The Acambay earthquake of November 19, 1912, was an M~7.0 shallow intraplate rupture that broke a large portion of the Acambay-Tixmadeje Fault System in central Mexico. The earthquake produced extensive damage in several towns close to the fault and was strongly felt in Mexico City. This event generated a 40.0-km-long surface rupture trace, with a peak observed dislocation of ~0.5m. To date this is one of the most important continental earthquakes occurred in Mexico. During 1912 six seismographic stations were operating in Mexico with different Wiechert and Bosch-Omori mechanical seismographs. An extraordinarily detailed report shows it was recorded by most of horizontal and vertical instruments at the six stations. Up to 2016, only 11 from the original 22 smoked-paper seismograms, from five of the stations that recorded the earthquake were found to be recovered.

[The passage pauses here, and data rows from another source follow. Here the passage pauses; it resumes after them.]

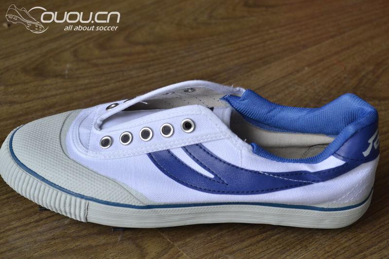 后跟写着大大的石林两个字,展示了它的血统。但与鞋头相比后跟就稍显不足了,帆布和海绵组成的后跟穿着还算舒适,可保护性在当今皮足盛行的球场就不够了,和皮足碰一下估计有破口的危险,甚至伤到皮肉,所以石林牌足球鞋我们只能把它定位在业余级别。
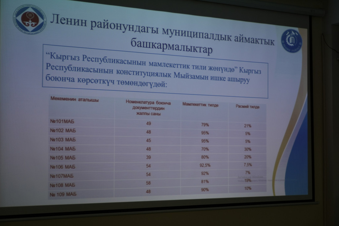 Бүгүн10-декабрда, Бишкек шаарынын Ленин административдик району боюнча муниципалдык администрациясында мамлекеттик тилдин колдонулушун өркүндөтүү жана тил саясатынын аткарылышын талдоого арналган жолугушуу өткөрүлдү.
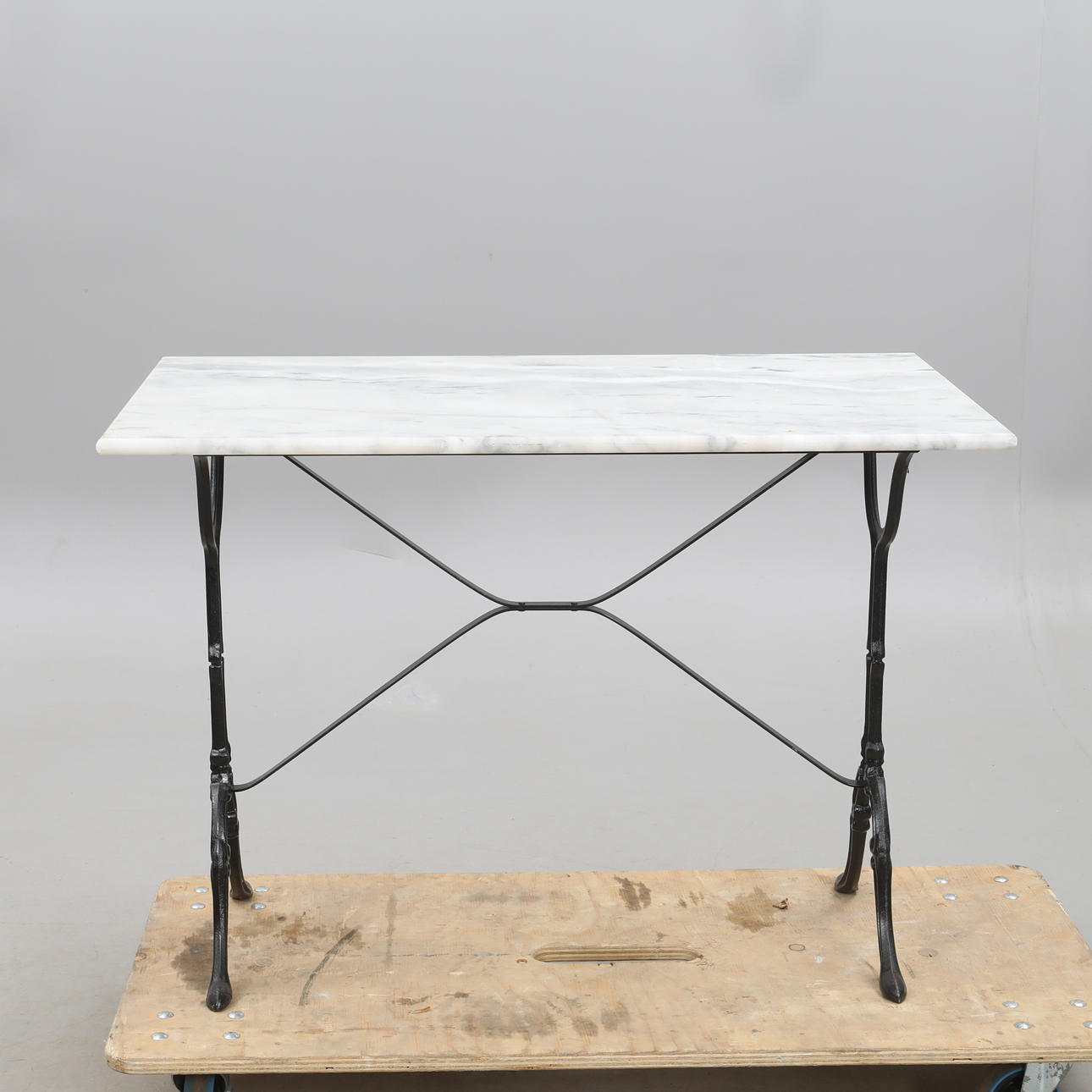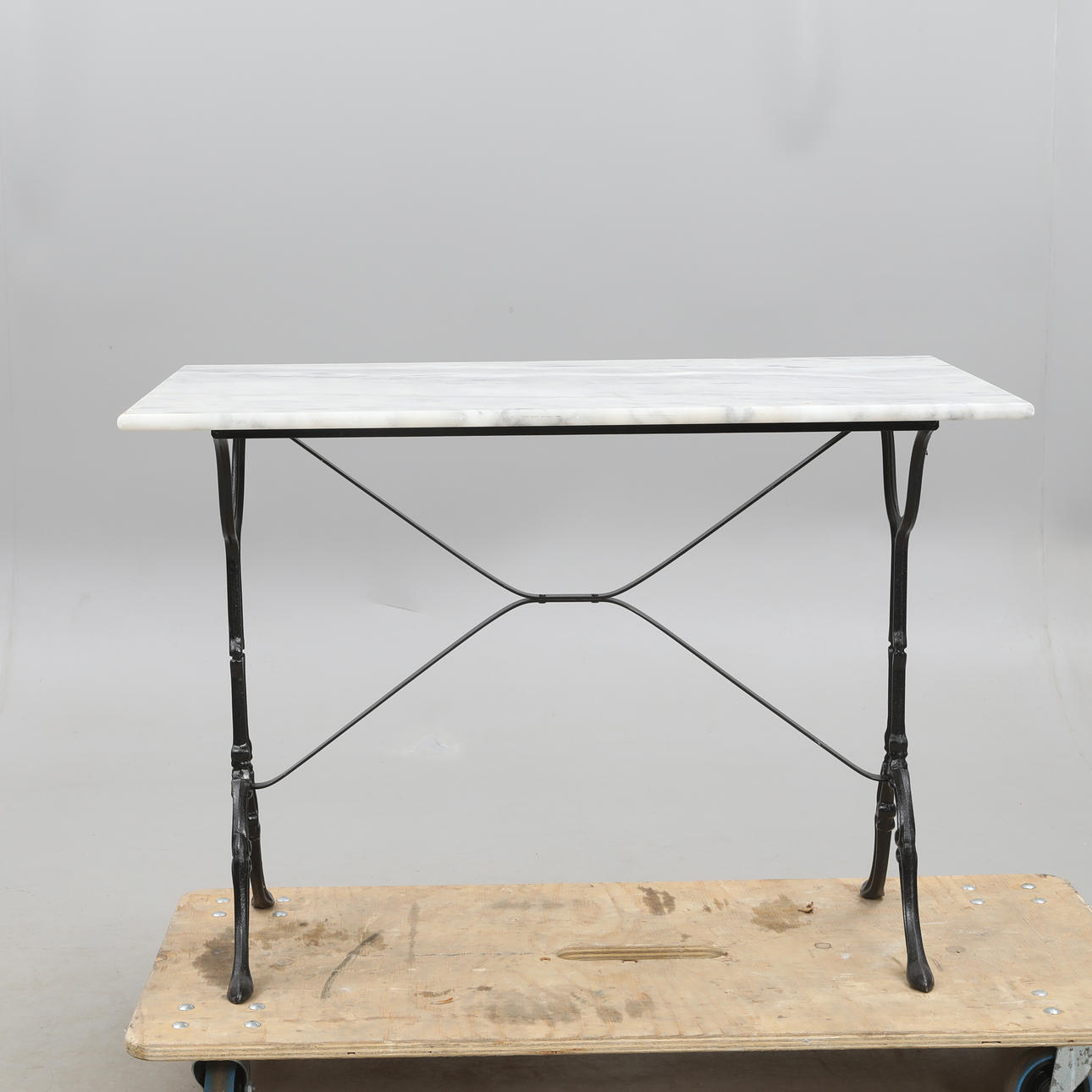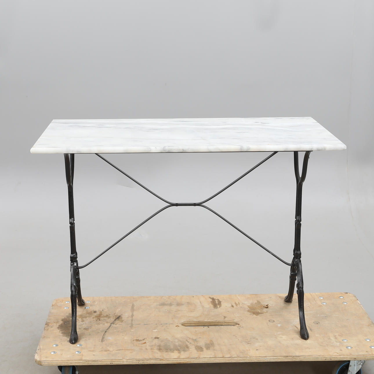 GARTENTISCH, Standfuß aus Gusseisen mit Marmorplatte.

In this work using standard and ad-hoc methodologies we obtained the digital, evenly-sampled time series for the ground motion velocities for each of the available seismograms. To do this, we first carried out a high resolution scanning of the original traces. Then, due to the condition of the seismograms we manually digitized them, following the seismic trace in ascending time. Therefore we corrected the distortions of seismic traces for their pen curvature, uneven paper speed, skews, and non-zero baselines following the Grabrovec and Allegretti (1994) procedure, and additional ad-hoc corrections were made using linear approximations when abrupt changes in traces occurred. After this, we resampled the unevenly digitized traces to a constant-time interval to 100 samples per second using a spline interpolation method. Finally we performed an instrument correction procedure to obtain the actual ground velocities for each instrument and component. Once corrected, the unclipped portions of seismic data were used to perform a linear finite-source inversion for the slip distribution on the fault surface.